## Your instructions
Give the records again exactly. Pictures do not belong in the copy.

## Exercise data
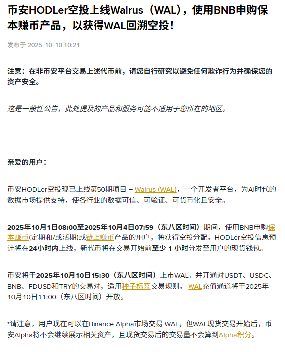 BlockBeats News, October 10th. According to the official announcement, Binance HODLer Airdrop launched the 50th project Walrus (WAL). Users who purchased the Yield Farming (Fixed or Flexible) or Staking products using BNB from 08:00 on October 1st to 07:59 on October 4th, 2025 (GMT+8) will receive the airdrop allocation. The HODLer Airdrop details are expected to be live within 24 hours, and the new token will be distributed to users’ spot wallets at least 1 hour before trading begins.
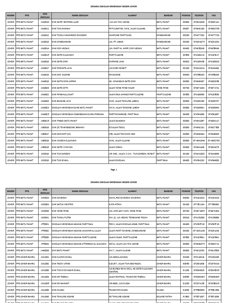 Senarai Sekolah Menengah Di Negeri Johor Sekolah Menengah Di Negeri Johor Darul Takzim Bil Kod Kahang
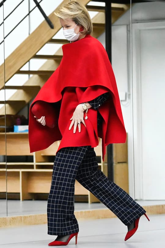 Bei den Labels Erdem und Emilia Wickstead hingen sie noch lässig, aber allzeit bereit über dem Arm. Bei der königlichen Mathilde kommt er nun zum Einsatz. Um so einen Decken-Wrap zu fixieren oder die Silhouette zu betonen, kann man auch einen schmalen Gürtel auf Taillenhöhe binden. Mit oder ohne Jacke drunter. Und abends kann man dann theoretisch damit direkt aufs Sofa fallen. Snooze-Modus to Go, quasi.
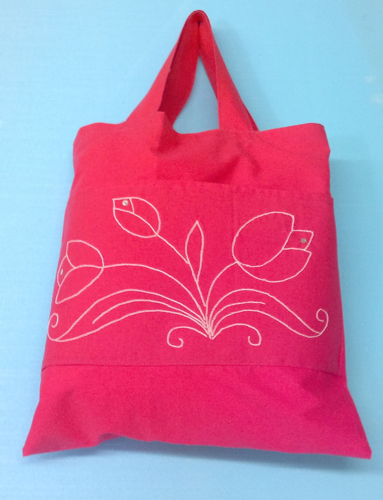 Tehty kierrätyskankaasta. Kassissa myös vuori (keltainen). Päällä koko kassin levyinen tasku, jonka kirjoin muliinilangalla. Kuvan piirsi minulle työkaveri, en siis ole hyvä piirtämään, mutta kaavoja en kasseihini muuten tarvitse, enkä käytä. (lähetin myös kuvan omasta kesäkassistani, vihreä-valkoinen aplla-aplikointeineen, jonka myös ompelin kaavoitta kierrätyskankaista).
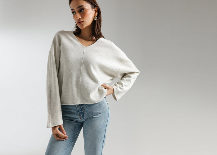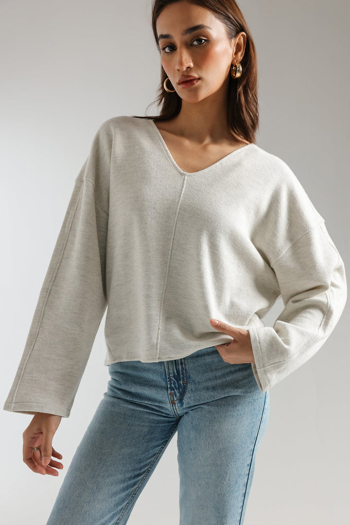 Look elegant and chic in this classy sweatshirt rendered in a light grey shade. Crafted in a contemporary silhouette with V neck and loose fit designs adorned with stitch details, this solid sweatshirt is a must have to look graceful this winter season.

## Answer to this exercise
 BlockBeats News, October 10th. According to the official announcement, Binance HODLer Airdrop launched the 50th project Walrus (WAL). Users who purchased the Yield Farming (Fixed or Flexible) or Staking products using BNB from 08:00 on October 1st to 07:59 on October 4th, 2025 (GMT+8) will receive the airdrop allocation. The HODLer Airdrop details are expected to be live within 24 hours, and the new token will be distributed to users’ spot wallets at least 1 hour before trading begins.
 Senarai Sekolah Menengah Di Negeri Johor Sekolah Menengah Di Negeri Johor Darul Takzim Bil Kod Kahang
 Bei den Labels Erdem und Emilia Wickstead hingen sie noch lässig, aber allzeit bereit über dem Arm. Bei der königlichen Mathilde kommt er nun zum Einsatz. Um so einen Decken-Wrap zu fixieren oder die Silhouette zu betonen, kann man auch einen schmalen Gürtel auf Taillenhöhe binden. Mit oder ohne Jacke drunter. Und abends kann man dann theoretisch damit direkt aufs Sofa fallen. Snooze-Modus to Go, quasi.
 Tehty kierrätyskankaasta. Kassissa myös vuori (keltainen). Päällä koko kassin levyinen tasku, jonka kirjoin muliinilangalla. Kuvan piirsi minulle työkaveri, en siis ole hyvä piirtämään, mutta kaavoja en kasseihini muuten tarvitse, enkä käytä. (lähetin myös kuvan omasta kesäkassistani, vihreä-valkoinen aplla-aplikointeineen, jonka myös ompelin kaavoitta kierrätyskankaista).
 Look elegant and chic in this classy sweatshirt rendered in a light grey shade. Crafted in a contemporary silhouette with V neck and loose fit designs adorned with stitch details, this solid sweatshirt is a must have to look graceful this winter season.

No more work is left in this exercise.